The Fédération Cynologique Internationale standard suggests the dog should gallop easily in its movement. The standard for the breed was established in 1885
.

The Billy is not suitable for a small house; needing a lot of exercise and being difficult to restrain and extremely fast.

History and use
The Billy was created by Monsieur Gaston Hublot de Rivault Taco in the 19th century, and was named after his home the Château de Billy, in Poitou. Billys were created by combining the three original strains of the Poitevin, the Montemboeuf, Ceris and Larrye. Whereas the modern Poitevin more closely resembles and the original Tri-coloured Larrye line, Rivault was more drawn to the paler colours associated with the Montemboeuf and Ceris lines, and colouration was a major determinant when selecting foundation stock.

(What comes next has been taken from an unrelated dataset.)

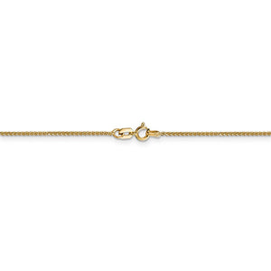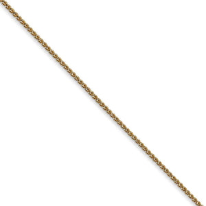 Interwoven figure eight links of diamond-cut 14k yellow gold form a sparkling braided design that will add elegance and beauty to your favorite charm or pendant. This delicate 1mm wide, 18-inch long solid spiga chain necklace closes with a classic spring-ring clasp.

The pack was dispersed in 1927 and the breed almost faced extinction, only two hounds survived World War II, however de Rivault's son, Anthony, set about reviving the breed by judicious use of the Poitevin, the Porcelaine and the Harrier.

The Billy was one of the foundation breeds used in the development of the Grand Anglo-Français Blanc et Orange in the late 19th century.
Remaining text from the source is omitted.